She probably doesn't remember Anita Hill, because she is too young.
Dating isn't easy for me, so I decided to try an online service.

That's understandable, given the hours.
My first time online I recognized a co-worker I see on a regular basis and have always exchanged smiles with, but don't know personally. I wrote him a message just to say hi.

BZZZZZT WRONG! Well, since you're female and most of HR is female, you have nothing to worry about. But you shouldn't have done that.
I didn't say I was interested in him. I never heard back from him.

He's trying not to get fired and sued.
Since I sent that message he has checked my profile several times.

He shouldn't do that.

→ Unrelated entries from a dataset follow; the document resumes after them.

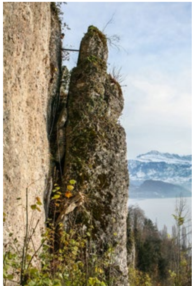
Die Bewegung des Felsturms H16 wurde mittels Telejointmeter im Rohr überwacht.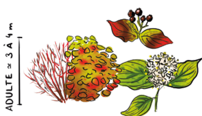
Cornouiller sanguin ( Cornus sanguinea )

Cette haie rassemble environ une vingtaine d'espèces, contribuant à la biodiversité. On peut retrouver le cornouiller sanguin, l'érable champêtre, le frêne, le merisier, l'aubépine et bien d'autres encore !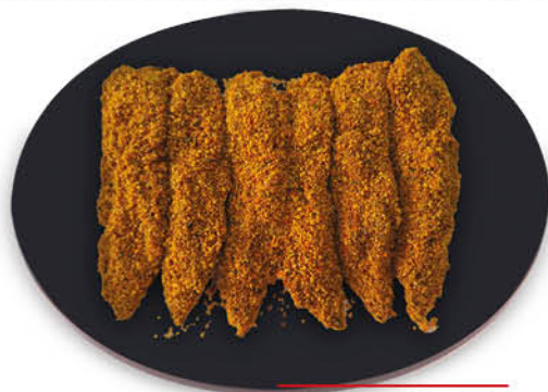
STRACCETTI DI POLLO PANATI

He's risking his job, his finances, and putting your employer at risk.
But when he sees me in the hallways, he turns red and now just gives me half-smiles.

He should ignore you completely.
I was waiting at the elevator with him the other day, but he was so embarrassed by the silence that I bailed and took the stairs.

That was merciful of you.
He continues to smile, but I'm not sure what to say to him the next time I see him.

Nothing. Do not interact with him at all. Unless you want to get him fired and score some money from suing your employer.
I think it's rude that he didn't reply to my message -- even with a "See you around!" -- but I'm too embarrassed to do or say anything when I encounter him.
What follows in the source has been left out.